Custom Searcher Reference#

determined.searcher.LocalSearchRunner#

class determined.searcher.LocalSearchRunner(search_method: determined.searcher._search_method.SearchMethod, searcher_dir: Optional[pathlib.Path] = None)#

LocalSearchRunner performs a search for optimal hyperparameter values, applying the provided SearchMethod. It is executed locally and interacts with a Determined cluster where it starts a multi-trial experiment. It then reacts to event notifications coming from the running experiments by forwarding them to event handler methods in your SearchMethod implementation and sending the returned operations back to the experiment.

run(exp_config: Union[Dict[str, Any], str], model_dir: Optional[str] = None, includes: Optional[Iterable[Union[str, pathlib.Path]]] = None) int#

Run custom search.

Parameters
  • exp_config (dictionary, string) – experiment config filename (.yaml) or a dict.

  • model_dir (string) – directory containing model definition.

  • includes (Iterable[Union[str, pathlib.Path]], optional) – Additional files or directories to include in the model definition. (default: None)

determined.searcher.RemoteSearchRunner#

class determined.searcher.RemoteSearchRunner(search_method: determined.searcher._search_method.SearchMethod, context: determined.core._context.Context)#

RemoteSearchRunner performs a search for optimal hyperparameter values, applying the provided SearchMethod (you will subclass SearchMethod and provide an instance of the derived class). RemoteSearchRunner executes on-cluster: it runs a meta-experiment using Core API.

run(exp_config: Union[Dict[str, Any], str], model_dir: Optional[str] = None, includes: Optional[Iterable[Union[str, pathlib.Path]]] = None) int#

Run custom search as a Core API experiment (on-cluster).

Parameters
  • exp_config (dictionary, string) – experiment config filename (.yaml) or a dict.

  • model_dir (string) – directory containing model definition.

  • includes (Iterable[Union[str, pathlib.Path]], optional) – Additional files or directories to include in the model definition. (default: None)
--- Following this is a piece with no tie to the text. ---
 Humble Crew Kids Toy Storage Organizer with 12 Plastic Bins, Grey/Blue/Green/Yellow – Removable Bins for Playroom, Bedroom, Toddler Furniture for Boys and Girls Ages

determined.searcher.SearchMethod#

class determined.searcher.SearchMethod#

The implementation of a custom hyperparameter tuning algorithm.
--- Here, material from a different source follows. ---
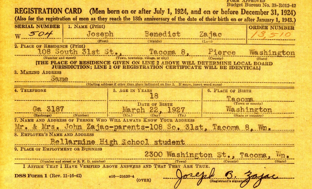John Vincent’s registration card January 29, 1946. He was 5 ft 8in, weighed 160lb, and had brown eyes and hair with a ruddy complexion. He lived at 108 South 31st Street, Tacoma, Washington, which is now part of I-5.
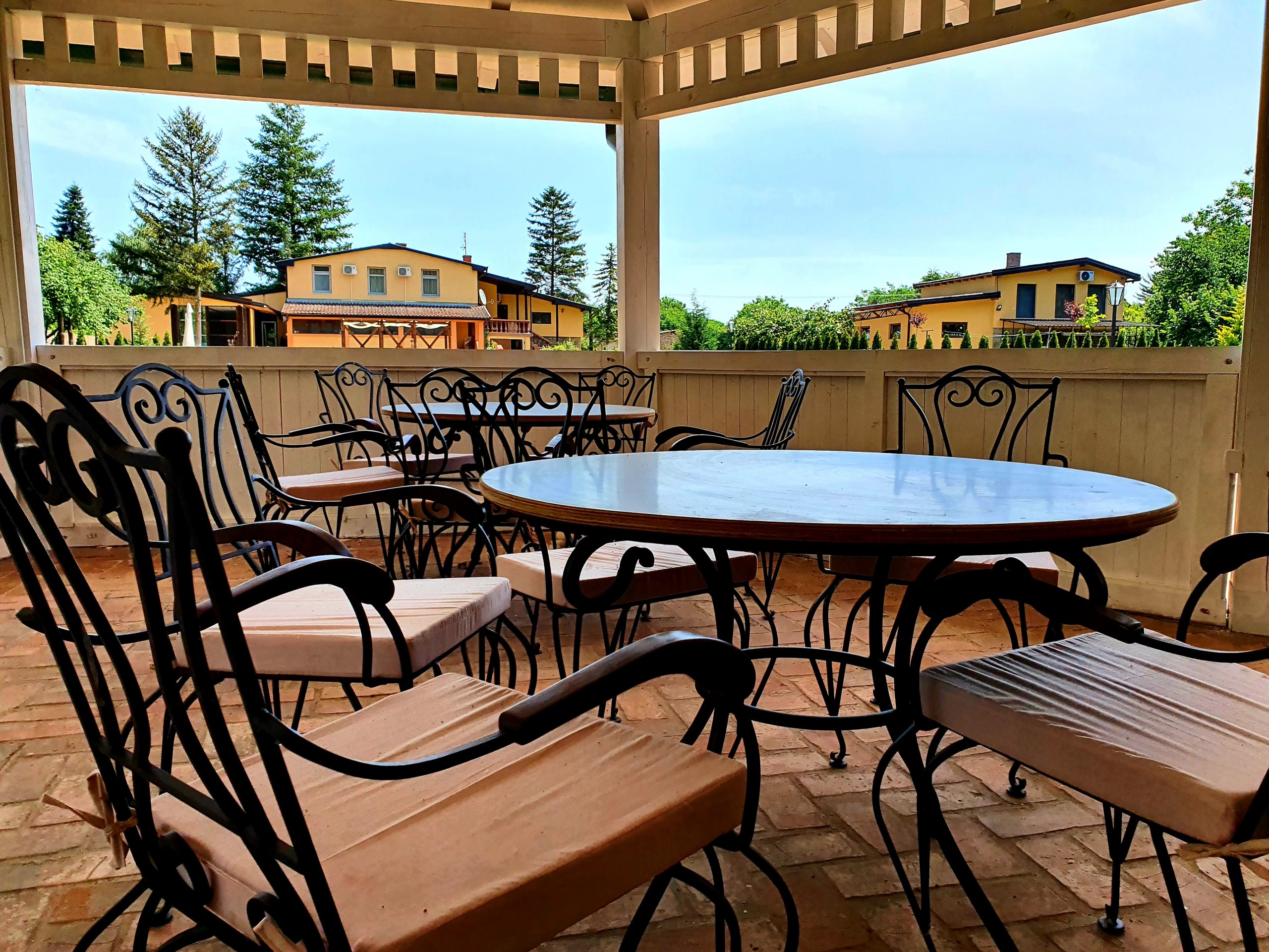 Opremljen je okruglim stolovima i stolicama od kovanog gvoždja i sa 3 strane komunicira sa okruženjem: Alejom lešnika, drvenom kućicom na starom orahu i dečijim igralištem.

To implement your specific hyperparameter tuning approach, subclass SearchMethod overriding the event handler methods.

Each event handler, except progress() returns a list of operations (List[Operation]) that will be submitted to master for processing.

Currently, we support the following Operation:

  • Create - starts a new trial with a unique trial id and a set of hyperparameter values.

  • ValidateAfter - sets number of steps (i.e., batches or epochs) after which a validation is run for a trial with a given id.

  • Progress - updates the progress of the multi-trial experiment to the master.

  • Close - closes a trial with a given id.

  • Shutdown - closes the experiment.

Note

Do not modify searcher_state passed into event handlers.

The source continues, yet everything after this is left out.